Generally, Company Secretaries do not have any inherent power. They usually action the instructions of the Board of Directors, Members or other officers of the company. As such, they may have the power to do any of the following under instruction:
- Make commercial decisions for the company
- Borrow funds in the company’s name
- Conclude contracts on behalf of the company
- Register transfer of shares
- Call members’ meetings
- Institute legal action on behalf of the company
In doing any of the above, the Company Secretary must state the authority for doing any of the above. Eg. “by order of the Board”, “upon requisition of Members”.
A company’s Constitution may however permit the delegation of such powers to the Company Secretary. However, where the Secretary acts outside its scope of powers, the Directors may ratify the ultra vires transactions of the Company Secretary.

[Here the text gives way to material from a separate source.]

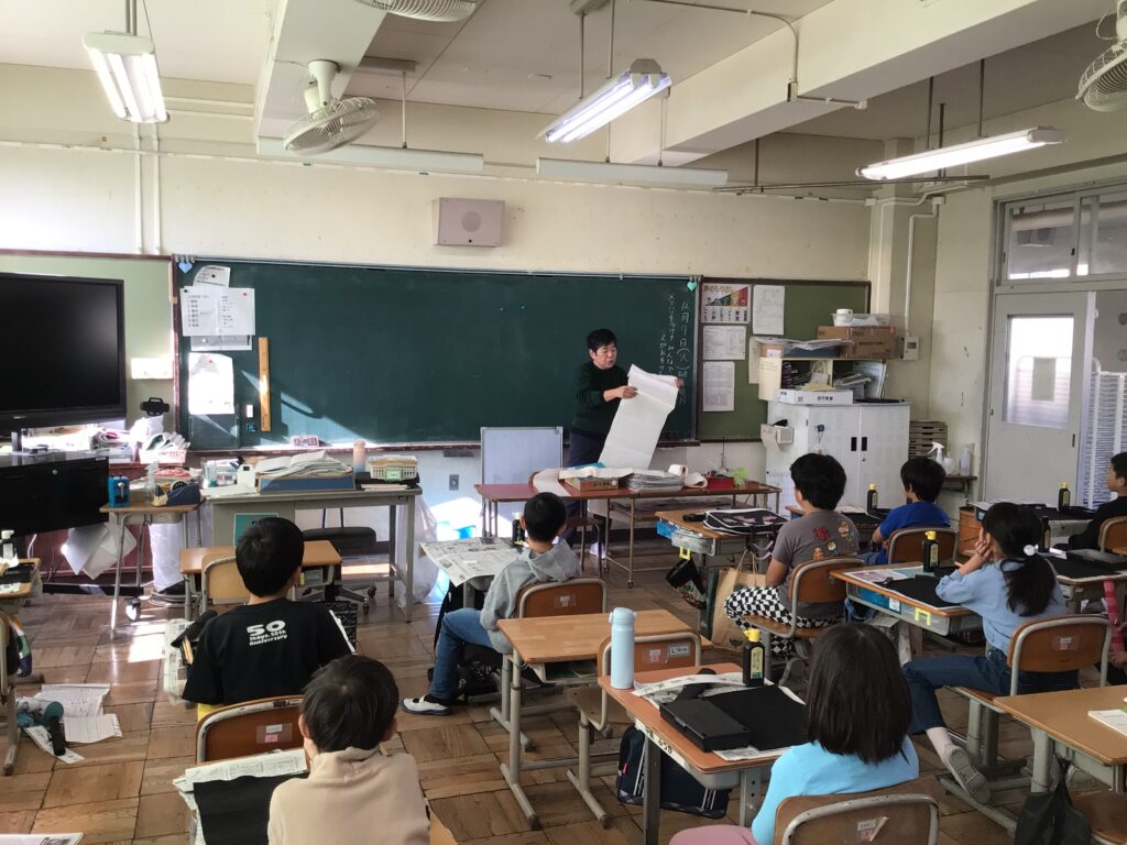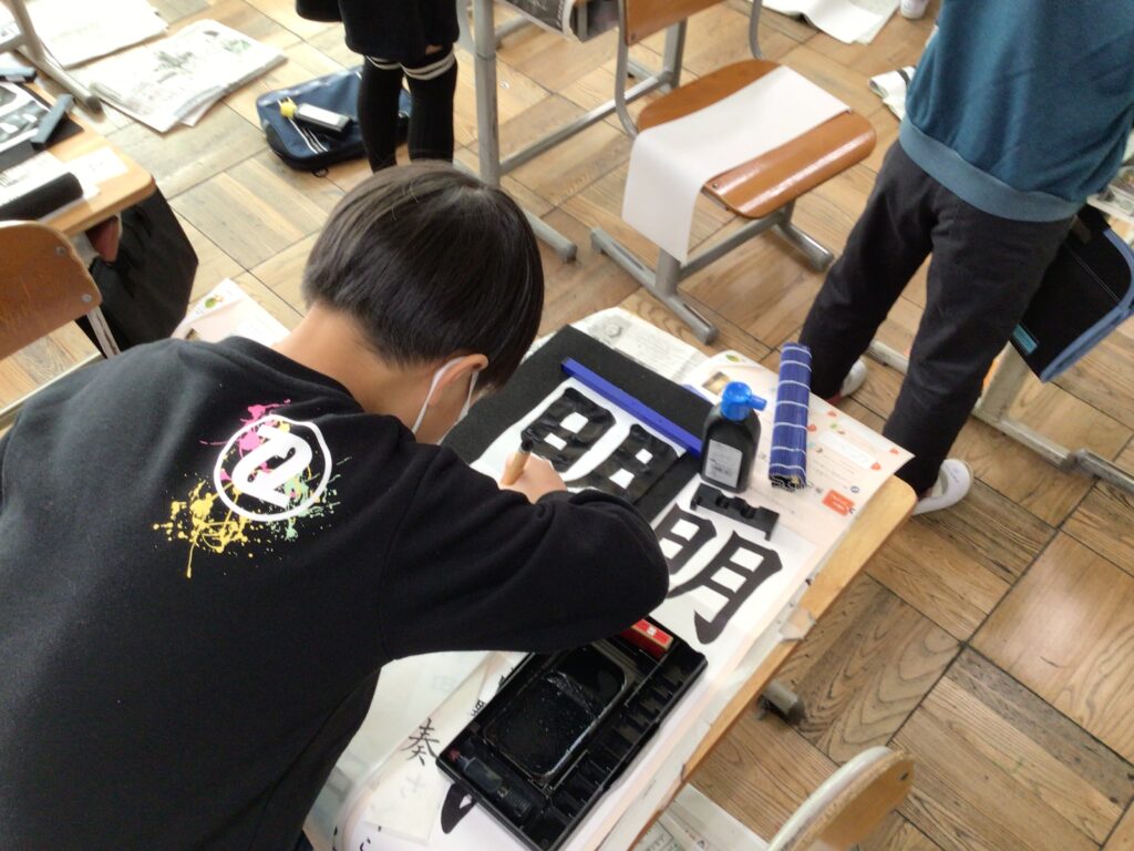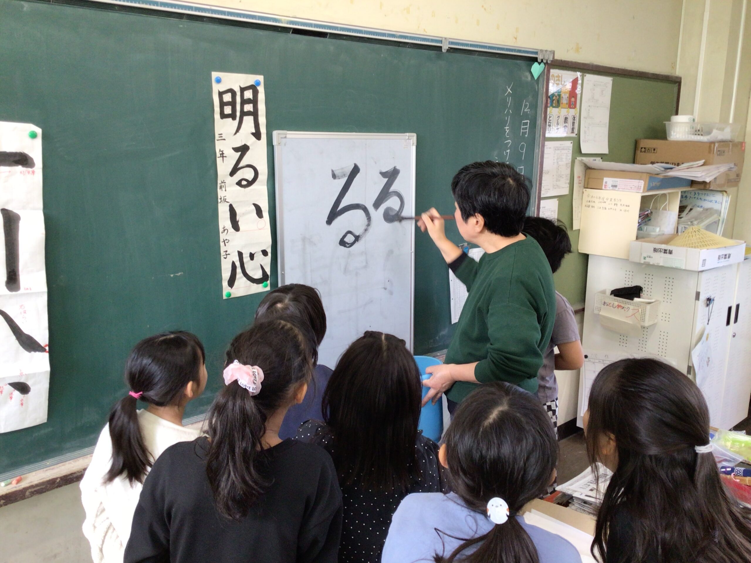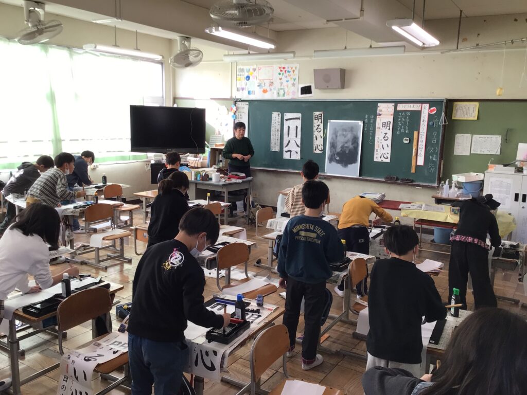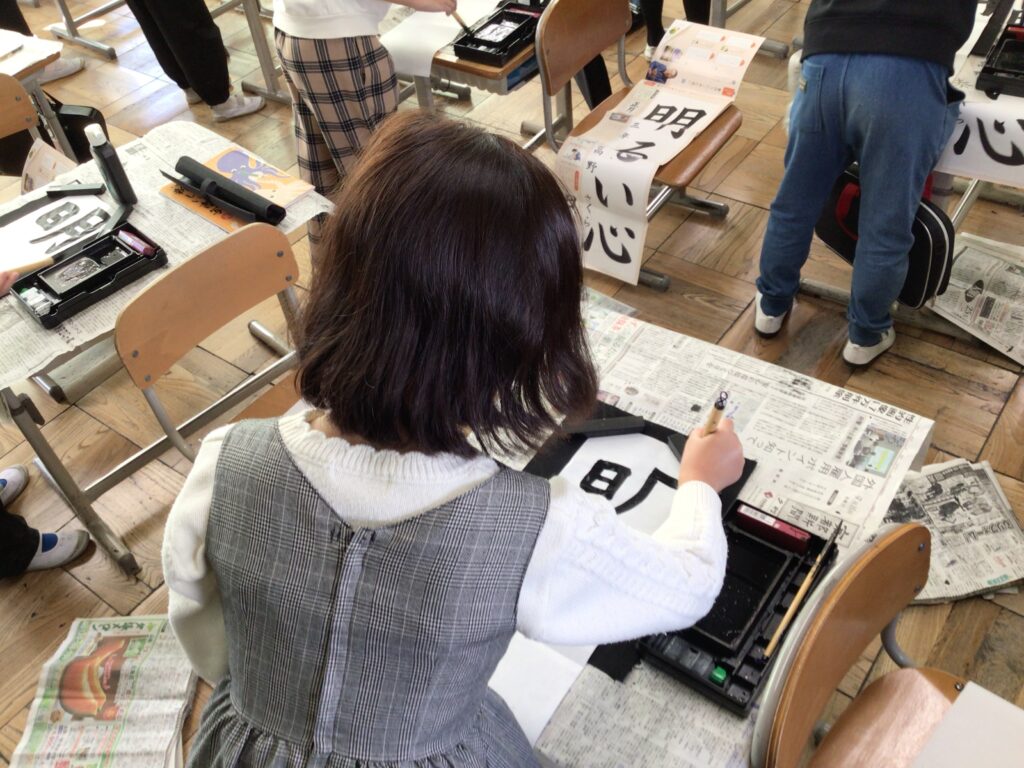 12月9日(火)3年生が書き初めの学習を行いました。講師は、たくさんの学年で習字や水墨画を教えていただき、毎朝子どもたちの登校を見守ってくださっている前坂さんです。今回書き初めで書く言葉は、「明るい心」です。習字道具の名前や使い方、字形を整えて書くポイントを分かりやすく教えていただきました。子どもたちは、緊張しながら丁寧に筆を運び、素敵な字を書いていました。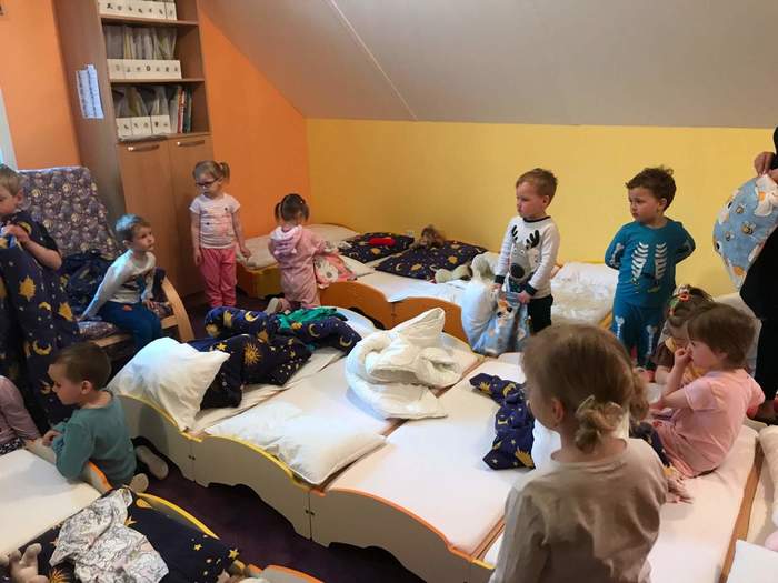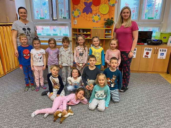 Pro radost jsme pro děti naplánovali „pyžamový den“. Děti měly za úkol přijít v pyžamku rovnou ráno do školky. Ve třídě Berušek jsme si udělali pyžamovou párty s tancem podle hudby a soutěžením o nejlepší tanečníky. S dětmi také tančili jejich oblíbení plyšáci, kteří do postýlek, stejně tak jako pyžamka, patří. Potom jsme si s dětmi vyprávěly „sen“, vymyšlený příběh, kdy každé dítě mělo říci kousek příběhu. Chvíli dětem trvalo, než hru pochopily, ale pak vznikl zajímavý příběh o berušce Emilce. Pak jsme si vyrobily obrázky, kdy si děti prostřihly do papíru tvar pyžamka nebo noční košilky a podlepily to látkou, dokreslily hlavu, končetiny a obrázek dozdobily. Také jsme se seznámili s písničkou Pyžamová párty. V pyžamkách jsme také popřáli Laurince, která měla narozeniny. Protože tento den zrovna pršelo a nešli jsme na procházku, zůstaly děti v pyžamkách až do odpoledne.

Also, as an Administrative Officer to the Board, the Secretary has the power to perform administrative functions such as ordering stationery, booking a venue, order refreshments, arrange for accommodation, rent vehicles or run errands for the office or any other acts incidental to the functions of the Company Secretary and these acts will be binding on the Company.
STATUTORY DUTIES
To clearly understand the role of the Company Secretary in the modern corporate world, Act 992 lists the required duties of any company secretary. These are listed in section 212 as follows:
- assisting the Board to comply with the constitution of the company and with any relevant enactment;
- keeping the books and records of the company;
- ensuring that the minutes of the meetings of the shareholders and the directors
- are properly recorded in the form required by this Act;
- preparing and issuing out notices in the name of the company;
- ensuring that the annual financial statements of the company are dispatched to every person entitled to the statements as required;
- ensuring that all statutory forms and returns are duly filed with the Registrar;
- maintaining the statutory registers of the company;
- providing the Board with guidance as to the duties, responsibilities and powers of the Board and on the changes and development in the laws affecting the operation of companies;
- informing the Board of legislation relevant to or affecting meetings of shareholders and directors and their failure to comply with the legislation and reporting accordingly at any meeting; and
- advising the directors on their responsibilities as directors.
Types of Company Secretaries
- Member Secretary: This is where a member of the Board of Directors is also the Company Secretary. Recorded as being present.
- Non-member Secretary: Here, the Company Secretary is not a member of the Board and cannot participate in deliberations. Recorded as being in attendance.
- Professional Secretary: Because of training received and nature of practice. Eg. Lawyers, Chartered Accountants & Chartered Secretaries.
- Executive Secretary: A company may employ a secretary as part of its full-time staff and whose schedule includes executive responsibility. Eg. Chief Administrative Officer may also serve as Secretary.
Conclusion
This write-up clearly shows the importance of the secretary as an officer of the company. Apart from it being a requirement by law, the presence and role of the company secretary cannot be overlooked as they are meant to aid in ensuring the continuity of the company. Consequently, they are not mere servants as previously thought.